Activity: Transcribe the data exactly, pictures excluded.

Recorded information:
"""

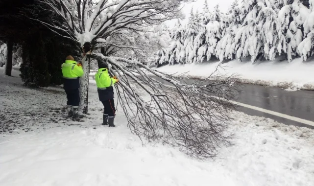 Kocaeli Büyükşehir Belediyesi, etkili olan yoğun kar yağışı sonrasında kırılan ağaç dallarını toplayarak kazaların önüne geçiyor.
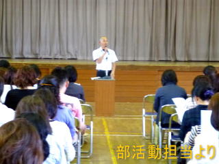 授業参観![]() ![]() ![]() ![]() ![]() ![]() ![]() ![]() ![]() ![]() ![]() ![]() ![]() ![]() ![]() ![]() ![]() ![]() ![]() ![]() 部活動保護者会全体会 ![]() ![]() ![]() ![]() 懇談会 ![]() ![]() ![]() ![]() ![]() ![]() ![]() ![]() 部活動保護者会への参加者は208名本日、5校時に今年度始めての授業参観と、部活動保護者会を実施しました。授業参観では生徒達も、最初は緊張した授業態度でしたが、後半は伸び伸びとした活動をしていました。また、部活動保護者会には208名の保護者の方がお越しになりました。 −全体会校長挨拶(抜粋)− 本日はお忙しいところを部活動保護者会に出席していただきましてありがとうございます。最初に、私が四中に来て驚いたことは、部活動をしている生徒達の挨拶と元気な姿です。これはおそらく他の中学校では見られないもので、私自身、自慢の生徒達です。 部活動の根本的な意味は、「生徒の人間形成」であり、「学年や学級の枠を超えて、文化やスポーツに親しむ態度を育てる」ことことなど、いわば知、徳、体の三要素が育っていき、大切な活動であると思います。 四中はここ3,4年の間に、若い先生が入ってきたこともあって、部活動が活発になってきました。 そこで部活動を行う上での学校で注意している点をあげたいと思います。 一つは、熱中症や脱水症状、その他の事故や障害、また試合に行く時の交通事故について十分配慮しています。 二つ目として、大会に臨む姿勢のことです。「勝利至上主義」、勝つことはもちろん大切ですが、それが最終目的ではないということです。子ども達と指導者の心が一つになったときには、勝ち負けの結果にかかわらず、それ以上に大きな感動につながっていくと思うのです。部活動での人間関係にも我々は十分注意を払っていくつもりです。よろしくお願いいたします。 最後になりましたが、どうか今年度も、保護者の皆さん同士が、お互いに仲良くしていただいて、鎌ケ谷四中の部活動を支えていただきたいと思います。 以上、簡単ではございますが、冒頭の挨拶といたします。 |
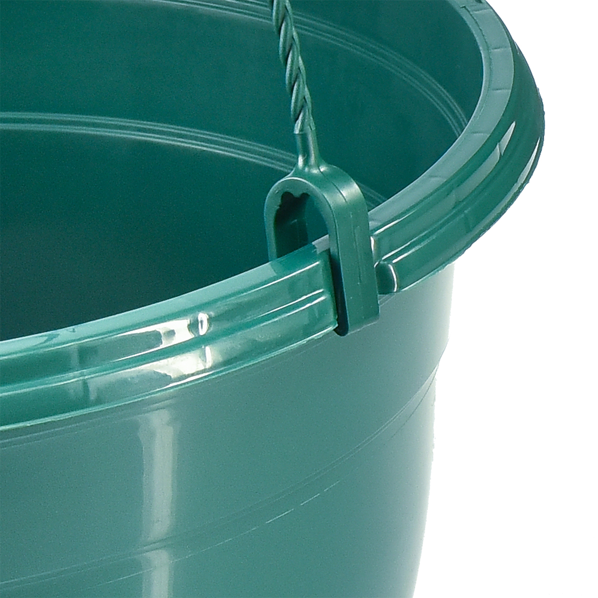 Cesta colgante en color verde con un diseño bien pensado para evitar el encharcamiento

"""

Answer to the exercise:
 Kocaeli Büyükşehir Belediyesi, etkili olan yoğun kar yağışı sonrasında kırılan ağaç dallarını toplayarak kazaların önüne geçiyor.
 授業参観![]() ![]() ![]() ![]() ![]() ![]() ![]() ![]() ![]() ![]() ![]() ![]() ![]() ![]() ![]() ![]() ![]() ![]() ![]() ![]() 部活動保護者会全体会 ![]() ![]() ![]() ![]() 懇談会 ![]() ![]() ![]() ![]() ![]() ![]() ![]() ![]() 部活動保護者会への参加者は208名本日、5校時に今年度始めての授業参観と、部活動保護者会を実施しました。授業参観では生徒達も、最初は緊張した授業態度でしたが、後半は伸び伸びとした活動をしていました。また、部活動保護者会には208名の保護者の方がお越しになりました。 −全体会校長挨拶(抜粋)− 本日はお忙しいところを部活動保護者会に出席していただきましてありがとうございます。最初に、私が四中に来て驚いたことは、部活動をしている生徒達の挨拶と元気な姿です。これはおそらく他の中学校では見られないもので、私自身、自慢の生徒達です。 部活動の根本的な意味は、「生徒の人間形成」であり、「学年や学級の枠を超えて、文化やスポーツに親しむ態度を育てる」ことことなど、いわば知、徳、体の三要素が育っていき、大切な活動であると思います。 四中はここ3,4年の間に、若い先生が入ってきたこともあって、部活動が活発になってきました。 そこで部活動を行う上での学校で注意している点をあげたいと思います。 一つは、熱中症や脱水症状、その他の事故や障害、また試合に行く時の交通事故について十分配慮しています。 二つ目として、大会に臨む姿勢のことです。「勝利至上主義」、勝つことはもちろん大切ですが、それが最終目的ではないということです。子ども達と指導者の心が一つになったときには、勝ち負けの結果にかかわらず、それ以上に大きな感動につながっていくと思うのです。部活動での人間関係にも我々は十分注意を払っていくつもりです。よろしくお願いいたします。 最後になりましたが、どうか今年度も、保護者の皆さん同士が、お互いに仲良くしていただいて、鎌ケ谷四中の部活動を支えていただきたいと思います。 以上、簡単ではございますが、冒頭の挨拶といたします。 |
 Cesta colgante en color verde con un diseño bien pensado para evitar el encharcamiento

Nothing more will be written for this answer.